STEPHEN CROWLEY / THE NEW YORK TIMES

Tweeting first and asking questions later is not a good way to make policy. In a recent salvo, President Donald J. Trump took credit for a decision by one set of American partners — Saudi Arabia, Egypt and the United Arab Emirates — to sever relations with another, Qatar. It risks deepening a spat that could undermine the fight against the Islamic State. And it highlights the fragility of a proposed Middle Eastern alliance that Mr. Trump touted as the major achievement of his first foreign trip.

These countries have long been at odds over Qatar’s relationships with Iran, the Muslim Brotherhood and Hamas. Qatar fancies itself a bridge to all three; however objectionable their conduct, they are not going away and need to be engaged. The Saudis, Emiratis and Egyptians see Qatar as an enabler of extremists, providing them financial support, political backing or the region’s most powerful megaphone, the Al Jazeera television network. They also resent tiny Qatar — empowered by staggering natural gas resources — asserting itself in regional affairs and cheerleading the Arab Spring.

Until now, Washington has avoided taking sides, while quietly pressing Qatar to stop financing extremist groups. Qatar hosts one of the most important United States air bases in the Middle East: Al Udeid, home to about 11,000 service members in the anti-Islamic State coalition, most of them American. Coalition planes flying from that base lead the air campaign to defeat the Islamic State in Iraq and Syria. Speaking in Saudi Arabia last month, Mr. Trump called Qatar “a crucial strategic partner.”

But Mr. Trump’s unconditional support for the Saudis during that same visit also seemed to embolden them to not just break relations with, but also impose an economic blockade on, Qatar. His tweets taking credit for the move left the Qataris reeling.

After Secretary of Defense James Mattis and Secretary of State Rex Tillerson rushed to the White House to explain the stakes, Mr.
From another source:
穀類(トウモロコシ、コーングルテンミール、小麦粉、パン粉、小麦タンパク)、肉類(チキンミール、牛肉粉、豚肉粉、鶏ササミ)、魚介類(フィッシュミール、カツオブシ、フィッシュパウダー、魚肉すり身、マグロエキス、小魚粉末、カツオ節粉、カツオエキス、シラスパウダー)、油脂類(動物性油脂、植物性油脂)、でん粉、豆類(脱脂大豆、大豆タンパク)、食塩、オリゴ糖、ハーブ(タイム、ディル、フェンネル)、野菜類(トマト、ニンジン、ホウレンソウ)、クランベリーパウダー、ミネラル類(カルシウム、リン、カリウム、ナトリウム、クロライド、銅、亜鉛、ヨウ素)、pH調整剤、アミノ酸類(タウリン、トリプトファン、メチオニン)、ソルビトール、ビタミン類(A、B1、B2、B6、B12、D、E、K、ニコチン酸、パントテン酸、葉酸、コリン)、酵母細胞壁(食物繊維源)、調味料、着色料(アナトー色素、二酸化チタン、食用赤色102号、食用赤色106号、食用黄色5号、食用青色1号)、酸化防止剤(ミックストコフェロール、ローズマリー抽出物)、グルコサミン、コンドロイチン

Trump appeared to reverse gears. He pressed the Saudi and Qatari leaders to address their differences directly and emphasized the importance of a united front in fighting the Islamic State. American diplomacy seemed to be firing on all cylinders. Until, that is, Mr. Trump used a press conference with Romania’s president earlier this month to unleash another volley, accusing Qatar of financing terrorism “at a very high level” — and throwing a wrench into his own diplomatic works.

If all of this seems confusing, consider this: the Trump administration says it wants to create a military coalition of Arab states, led by Saudi Arabia, to fight Islamist terrorism. It was as if Mr. Trump was trying to break his own alliance, described as an “Arab NATO,” before it had even formed.
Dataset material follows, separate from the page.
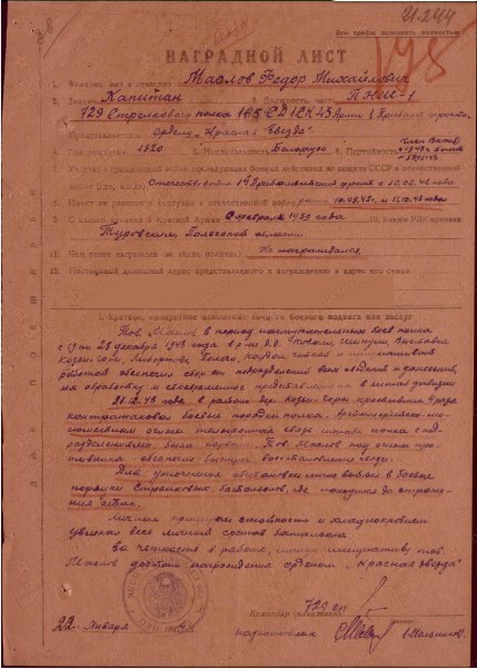 За четкость в работе и личную инициативу капитан Маслов Ф.М. достоин награждения Орденом Красной Звезды, Наград лист от 22 января 1944 г.

If he was, perhaps it was for the best. The administration is right to want the Arabs to take more responsibility for the fight against the Islamic State and, more broadly, for their own security. But a series of contradictions at the heart of the proposed alliance almost guarantee it will be a mirage.
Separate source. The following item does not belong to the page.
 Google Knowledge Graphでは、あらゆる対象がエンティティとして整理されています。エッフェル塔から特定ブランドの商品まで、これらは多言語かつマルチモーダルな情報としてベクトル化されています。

First, where Mr. Trump sees an alliance united against extremism, the Saudis see a Sunni coalition that will roll back Iran. This could potentially pull the United States into the sectarian struggle between Sunni and Shia. Beyond that, Saudi-exported, ultra-conservative Wahhabism, which breeds intolerance around the world, is no less dangerous to Western interests than Iran’s support for radicalism, regional meddling and expansionism.

An anti-Shia coalition masquerading as a Middle Eastern security alliance will only fuel those sectarian fires and produce more, not less, terrorism. Instead of taking sides in that conflict, Washington should press Riyadh and Tehran to stop feeding it. Second, whereas our core alliances in Europe and Asia are defensive, our Arab partners could use the anti-Islamic State coalition to go on the offensive, dragging the United States into new misadventures in the Middle East. Exhibit A is Riyadh’s counterproductive campaign in Yemen against the Houthi rebels, whom they see as an Iranian proxy.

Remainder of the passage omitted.